No Shame, No Blame

I feel like I am on track for success. I have been tracking my calories, and I have been more actively mindful of my food intake for 10 days (since June 27th, 2020). I am not focusing on the scale yet, that will come. Instead, I am focusing on creating healthier habits and working them into my life in a sustainable way.

So future me can look back, I want to document a little of what that looks like:

  • I am tracking all my food in MyFitnessPal. I haven’t even set a strict goal of eating under a certain calorie limit, I just want to form a habit of tracking for now. Turns out though, when you have to come face to face with your food choices, it inspires you to make better ones.
  • I am tracking seven habits in a personal journal. I use a green, yellow, red color coding system to track how well I did with my breakfast, lunch, dinner, vitamins, exercise, water intake, and mental strength every day. I track it once a day, after breakfast and it takes about 5 minutes.

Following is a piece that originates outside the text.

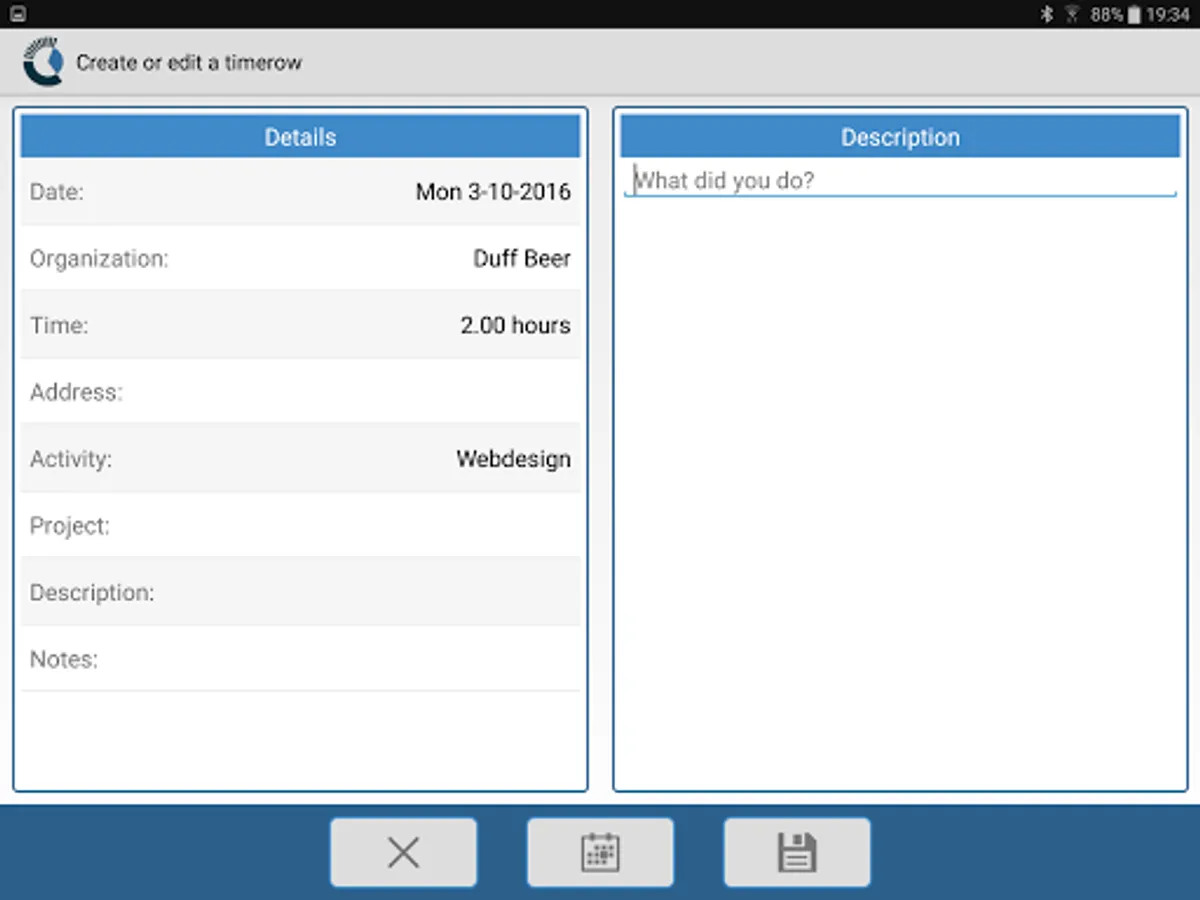 - Very flexible hourly rates: per employee, per customer, per activity, per project, per day of week, etc.

I am starting to see some patterns emerge and it simply helps me to better self-assess.
  • I am actively listening to health focused podcasts and videos.

That’s it. I am focusing on sustainability, playing to my strengths, and being better aware of my weaknesses. I have not made a goal to write Art per Pound posts, I just do that when my brain is swirling and I want to get the thoughts out.

I want to improve my health for good, and that means being honest about my own shortcomings and the realities of life. I am trying to take away the shame and just be realistic. So much of my struggle with food is emotional, so stripping out the emotion and looking at the facts hopefully will help me make better choices. However, I know I need to address the emotions too, in time.